The ruling builds on earlier decisions that held that free-speech rights granted to California citizens in the state constitution are broader than those in the U.S. Constitution. The ruling stated shopping malls essentially are public places that have replaced “Main Street” and the public square as gathering places.
Recent case: The Fashion Valley Mall, a privately owned San Diego shopping center, had a rule that prohibited “urging, or encouraging in any manner, customers not to purchase the merchandise or services offered by any one or more of the stores or merchants in the shopping center.” In other words, the mall didn’t want union or citizen activists to use mall space to harm the commercial interests of the merchants who paid rent at the center.
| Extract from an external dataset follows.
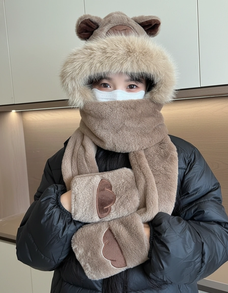 - Style: Premium 3-in-1 (Hat + Scarf + Paw Mittens).
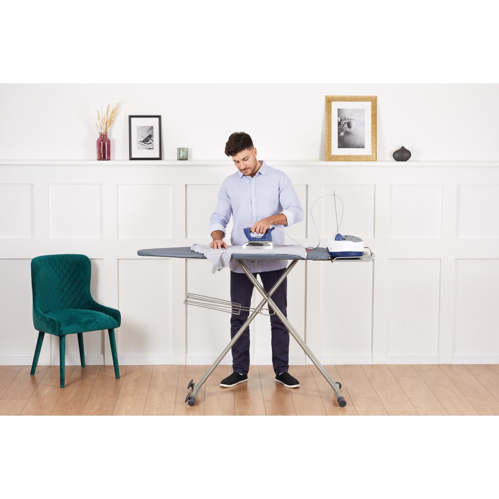 Высокое давление пара и мощный паровой удар позволяют без лишних усилий и в самый короткий срок справиться даже с глубокими заломами и помятостями на пересушенном белье;

When members of the Graphic Communications International Union showed up to urge shoppers to boycott some of the merchants, the mall told them to leave, citing the rule. The union, through the National Labor Relations Board, sued.
But the California Supreme Court said the mall went too far by trying to regulate the content of speech—in this case, by banning the talk of a boycott. The mall was free to set reasonable limits about the time, place and manner of the speech, but couldn’t ban it entirely. (Fashion Valley Mall, LLC v. National Labor Relations Board, No. S144753, Supreme Court of California, 2007)
Final note: Do you have a similar rule in place for customers or employees? It’s likely that quashing employee talk violates their labor organizing rights under the National Labor Relations Act and other discrimination laws. Your rule also might open you up to a separate lawsuit from “customers.” Check with your attorney to ensure your nonsolicitation rules are legal.